Through the choice of hydrogenating conditions it is also possible for the hydroxyl groups to be hydrogenated, so that cycloaliphatic rings are formed. The ring-hydrogenated resins possess OH numbers of 50 to 450 mg KOH/g, preferably 75 to 350 mg KOH/g, more preferably from 100 to 300 mg KOH/g. The fraction of aromatic groups is below 50%, preferably below 30%, more preferably below 10%, by weight.
The hydrophilic modification is accomplished, for example, by reacting the hydroxy-functional resin A) with a (poly)isocyanate and/or mixtures of different (poly)isocyanates with compounds which in addition to the hydrophilic or potentially hydrophilic group—that is, groups of the kind which become hydrophilic only on neutralization—contain at least one function that is reactive toward isocyanate groups, such as hydroxyl groups or amino groups, for example. Examples of compounds of this kind for the hydrophilic modification of (poly)isocyanates are amino acids, hydroxysulfonic acids, aminosulfonic acids, and hydroxycarboxylic acids.

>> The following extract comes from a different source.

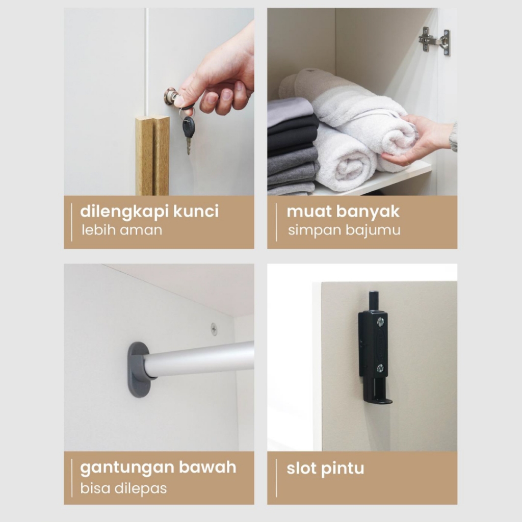 Lemari Pakaian 2 Pintu Pira Metropolis - YONA AVA 2P Gratis Ongkir

Preference is given to using dimethylolpropionic acid and/or 2-[(2-aminoethyl)amino]-ethanesulfonic acid or derivatives thereof (component B)).
The hydrophilic modification may also be performed with nonionic groups or with compounds which are already in neutralized form.
Suitable polyisocyanates for preparing B) are preferably polyisocyanates with a functionality of from two to four. Examples thereof are cyclohexane diisocyanate, methylcyclohexane diisocyanate, ethylcyclohexane diisocyanate, propylcyclohexane diisocyanate, methyldiethylcyclohexane diisocyanate, phenylene diisocyanate, tolylene diisocyanate, bis(isocyanatophenyl)methane, propane diisocyanate, butane diisocyanate, pentane diisocyanate, hexane diisocyanate, such as hexamethylene diisocyanate (HDI) or 1,5-diisocyanato-2-methylpentane (MPDI), heptane diisocyanate, octane diisocyanate, nonane diisocyanate, such as 1,6-diisocyanato-2,4,4-trimethylhexane or 1,6-diisocyanato-2,2,4-trimethylhexane (TMDI), nonane triisocyanate, such as 4-isocyanatomethyl-1,8-octane diisocyanate (TIN), decane diisocyanate and triisocyanate, undecane diisocyanate and triisocyanate, dodecane diisocyanates and triisocyanates, isophorone diisocyanate (IPDI), bis(isocyanatomethylcyclohexyl)methane (H12MDI), isocyanatomethylmethylcyclohexyl isocyanate, 2,5(2,6)-bis(isocyanato-methyl)bicyclo[2.2.1]heptane (NBDI), 1,3-bis-(isocyanatomethyl)cyclohexane (1,3-H6-XDI) or 1,4-bis(isocyanatomethyl)cyclohexane (1,4-H6-XDI), alone or in a mixture.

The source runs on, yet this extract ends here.